After that I stopped all contact and ever since I’ve been haunted by the idea of him. Every day I wish I could tell him something or even vent to him. But since then he has gotten worse. His teeth have been chipped, his appearance has gotten worse, and he has aged drastically. I tried to have him committed but it was no use and there was nothing I could do about it. I talked to family about him and the stories about my father had gotten worse. He believed someone in the TV was watching him so he destroyed all electronics in his home, besides a home phone that he rarely answers. Once in a while my sisters will get calls from him shortly after their visits with him as he accuses them of trying to kill him, then the next day forget about it and pretend it never happened. The stories continue to grow and grow and all the while I sit there listening to them and try not to cry.
I can tell sometimes that my sisters think I am being selfish for not speaking to him because they often do and see how he is deteriorating. But I don’t have the strength to watch him fall and crash. Not to mention I am too afraid of what he’ll do to me when he really truly believes I am trying to kill him. To him he will be acting in self-defense, but in reality it’s his own mind that’s playing tricks on him.

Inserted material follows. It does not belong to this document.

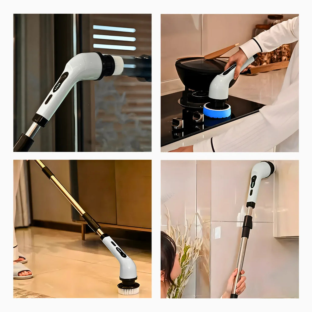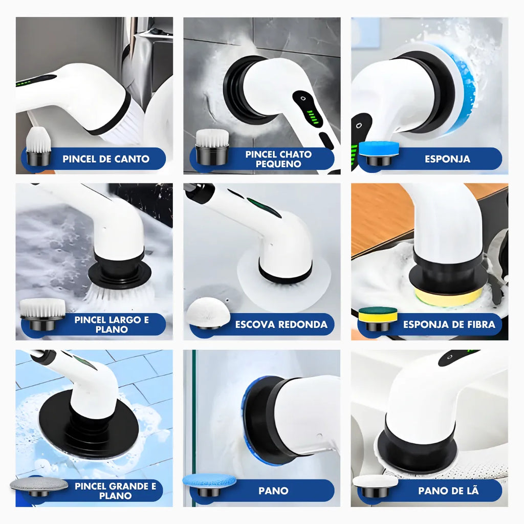 • Versatilidade em Limpeza : O Esfregão Giratório Elétrico vem com um conjunto variado de escovas e acessórios, que tornam a limpeza de banheiros, cozinhas, azulejos e outras superfícies muito mais fácil e eficaz.
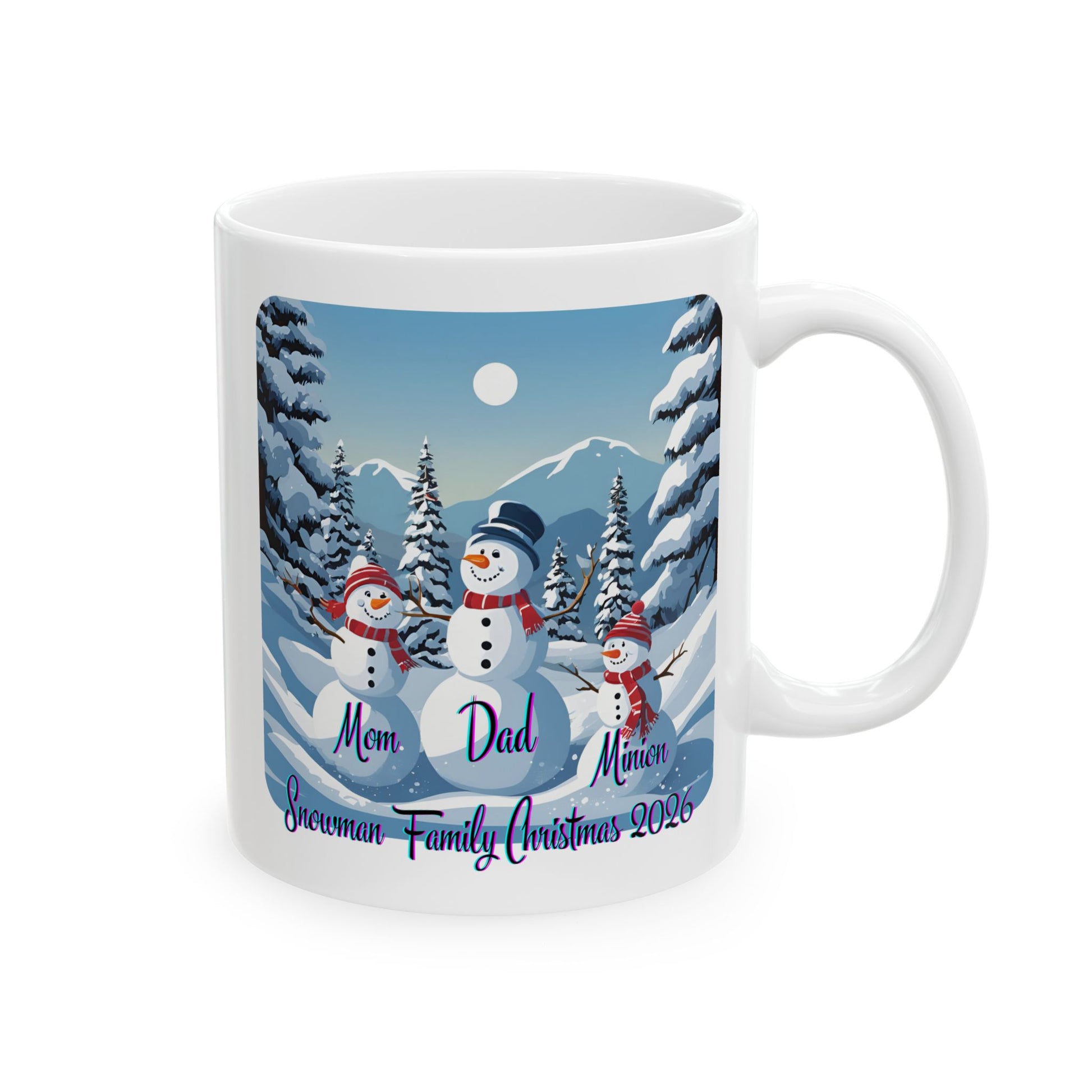 Simply add a detailed message telling us what you'd like written in place for 'Dad', 'Mom', 'Minion', and 'Snowman Family Christmas 2026'

My sisters go over to him less and less now considering that his delusions are becoming more and more extreme. I sit and look out the window and think about him and wonder if he is okay. Sometimes I hate myself because I know he’s alone and he’s sick with no one to care for him. I just wish deep down he would get the help he needs, but there’s nothing no one can do but wait. Wait for an absolution to come and make everything seem clear, but it’s been two years and I’m still waiting.
Sometimes I look back at my life as a child and remember when the man I once knew would play all the games with me and my sisters. How we would laugh and how my dad was the perfect play mate when growing up. He made our childhood fun and exciting with adventure.
But that part is gone now and I am left with memories of what I knew before. I am left with the shaking idea that my dad died a long time ago, but his body still walks the Earth with a different brain operating it. I look at him and wonder what happened to the dad I knew long ago and realize he’s been gone for awhile, I’m just starting to notice his disappearance.
Every day I act fine and happy because two years later the pain has become bearable. But some days I really miss him and I miss everything about him, even when he was being difficult when I was a child. I catch myself dwelling over it and realize there is nothing I can do but live and try to be a better person.
I know this article sounds like I am begging for sympathy, but I’m really not looking for it. I’ve learned in life to get over my own problems, I have to write them out. Lately I’ve been missing him and I feel that’s why I have writers block. I am hoping that writing this I can move on and try to be okay, but lately I’ve been having some bad days. Bad days because I really want to speak to him again, but I know I can’t. I hope everyone out there who has a parent knows to never let them go and to always stay in touch, even if you and your parent fight sometimes, it’s okay, it’s normal. When they’re gone for good, it really affects you whether you like to admit it or not. I hope you never have to feel like that. But tomorrow is another day and I know I will be okay, life throws us a hard ball sometimes and we just have to roll along with the punches. Sometimes it’s nice to write about those punches that hit you hard, to talk it out, and to move past them.
Dad,
Just know I miss you. I need you. I love you.